Apple: “AI Can’t Think” — Is AI Reasoning Fake?

The video explains that Apple’s recent publication challenges the idea that large language models genuinely reason or think, suggesting their impressive performance may be inflated by data contamination and pattern matching. It highlights the use of controlled puzzle environments to better evaluate reasoning, revealing that current models struggle with complex tasks and that true generalizable reasoning in AI remains an ongoing challenge.

The video discusses Apple’s recent publication titled “The Illusion of Thinking,” which has gained significant attention online. In this paper, Apple challenges the notion that large language models (LLMs) with reasoning capabilities are truly thinking or reasoning in a human-like manner. Instead, Apple argues that these models are often overestimated in their abilities, partly due to data contamination—meaning they have been trained on the very benchmarks they are tested against—thus inflating their performance. The paper questions whether these models genuinely understand or reason, or if they are simply pattern matching and memorizing data.

Apple proposes a new approach to evaluating reasoning models using controllable puzzle environments, such as Tower of Hanoi, river crossing, checkers jumping, and blocks world puzzles. These puzzles allow for systematic variation in complexity by adding more elements, providing a more controlled and contamination-free way to assess reasoning. Unlike traditional benchmarks, these puzzles emphasize algorithmic reasoning and enable precise evaluation of the models’ problem-solving processes, including intermediate reasoning steps, rather than just final answers.

The core findings reveal that current state-of-the-art reasoning models perform well on simple puzzles but struggle as complexity increases. When puzzles reach a certain threshold, both “thinking” and “non-thinking” models fail, with performance dropping sharply. Interestingly, when given the same inference token budgets, non-thinking models can match the performance of thinking models by generating multiple candidate solutions and selecting the best, suggesting that the perceived advantage of reasoning models may be partly due to their use of more tokens and data contamination.

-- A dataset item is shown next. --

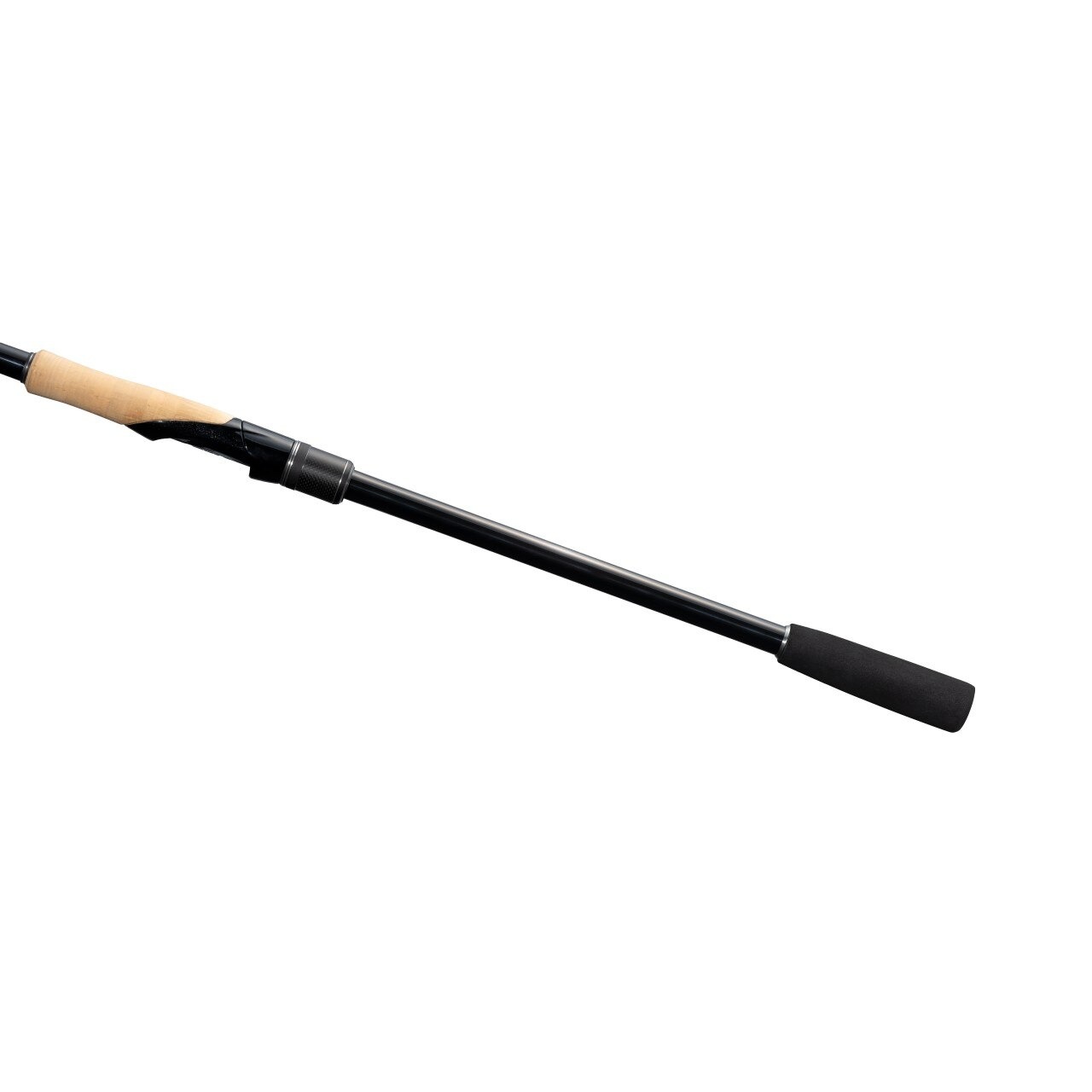 Reel seat length optimized for underarm fighting techniques and jig control.

The analysis also uncovers limitations in the models’ reasoning efforts, such as overthinking and inefficient exploration of solutions, especially on more complex puzzles. Even when provided with explicit algorithms to solve the puzzles, models often fail to improve significantly, indicating fundamental issues in their reasoning and verification capabilities. The video highlights that these models can sometimes solve puzzles by writing code—an approach that demonstrates a form of reasoning and problem-solving that the paper’s authors did not fully consider, raising questions about how we evaluate intelligence and reasoning in AI systems.

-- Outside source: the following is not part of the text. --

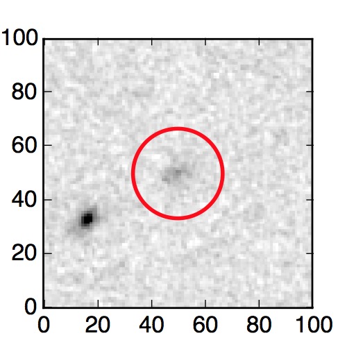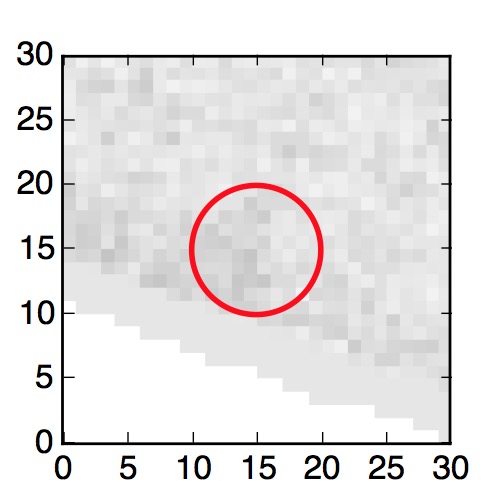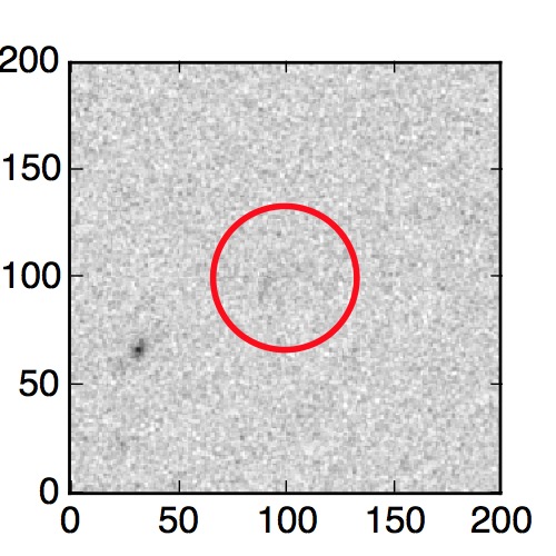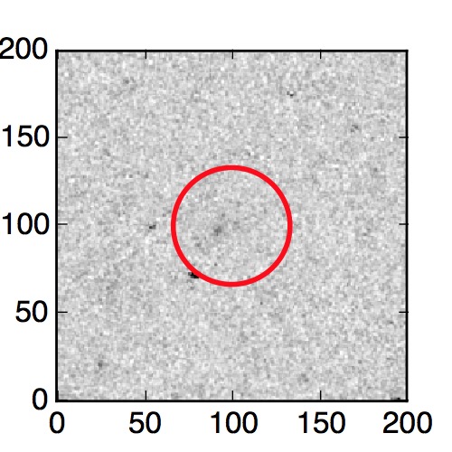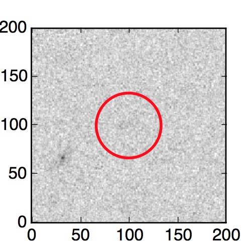 The red circle in the various panels is 1" in radius. The images are 6"x6".

Finally, the video concludes with reflections on the broader implications of these findings. While current models show impressive capabilities in many areas, their limitations in systematic reasoning at higher complexities suggest that true generalizable reasoning remains a challenge. The speaker also critiques the optimistic view that AI will soon achieve human-level intelligence, emphasizing that models excel in some tasks but still struggle with fundamental reasoning and verification. The discussion underscores the importance of developing more rigorous, contamination-free benchmarks and considering alternative measures of AI reasoning, such as code generation, to better understand and evaluate their true capabilities.